緒言.弁理士資格を取得する価値は、いかほど?
弁理士として知的財産の分野で生きていく道が、自分の将来の進路として好適な選択肢であるか否かは、簡単には言い尽くせない、たいへん悩ましいテーマです。この問題を具体的に紐解くためには、次の3点を検討する必要があります。
第1は、知的財産および知的財産制度の将来性です。
知的財産の中心(「核心」といっても良い。)は、特許制度で保護される発明、意匠制度で保護されるデザイン、商標制度で保護されるブランドの3つです。知的財産制度は、知的財産に対する独占排他的な支配権を媒介として、知的財産の保護と利用を図ることにより、新たな知的財産の創出を促進しつつ、産業の発達に寄与する社会的・法律的なシステムです。

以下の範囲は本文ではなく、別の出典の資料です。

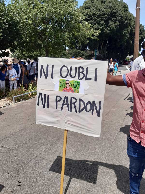 The procession was made up of working-class families, young and old, all under discreet police surveillance whose main activity was to photograph the participants! At the end of the march, during the speech, the commissioner of the gendarmerie tried to speak… but the shouts and refusals prevented him! The killer has now been indicted for voluntary homicide, but will justice prevail? And when? We all remember “Truth and Justice for Steeve” 4 years ago, still without judicial response!

結論から言えば、この世界から私有財産制が消えてなくならない限り、知的財産制度の必要性は高まることはあっても希薄化したり消滅したりすることはないでしょう。知的財産および知的財産制度の双方には十分な将来性があります。このテーマは次回の「第1話」で具体的に検討します。
第2は、弁理士の仕事と、その将来性です。
弁理士は、知的財産制度を専門とする国家資格者です。特許権などの知的財産権を取得したい方のために、代理して特許庁への手続きを行う権利化業務が弁理士の主な仕事です。また、知的財産の専門家として、権利化業務以外の各種の知的財産業務を行います。知的財産および知的財産制度の双方には十分な将来性があることを踏まえた上で、弁理士およびその仕事の将来性はどうなのかを考えます。
最近、人工知能(AI)が人間の仕事を脅かすのではないか、という議論が盛んです。弁理士に限らず、弁護士、医師、会計士なども同様で、若者の志望校選択や職業選択にも大きな影響を与えています。結論から言えば、弁理士としての仕事の一部は人工知能に概ね置き換えられ、他の一部の仕事は人工知能によって弁理士の直接関与する部分が削減されます。しかし、弁理士の仕事の骨格部分(本質的かつ重要な部分)は、人間である弁理士でしか為し得ない固有の仕事として残るでしょう。このテーマは、弁理士の仕事の骨格部分は何なのかという問題でもあり、「第2話」と「第3話」に分けて具体的に検討します。
第3は、弁理士としての仕事が「自分に適しているか否か」です。
弁理士としての適性があるか否かは、自分自身の能力や得手、不得手から考える一方で、自分自身の特性や特徴からも考えるべきでしょう。弁理士は、対人関係の中で仕事しますから、コミュニケーション能力が必要不可欠です。他方で、弁理士は一種の文筆家ですから、作文が不得手だという人は適性がありません。このテーマは、どのようなタイプの人が弁理士に向いているのか、という問題でもあり、「第4話」で具体的に検討します。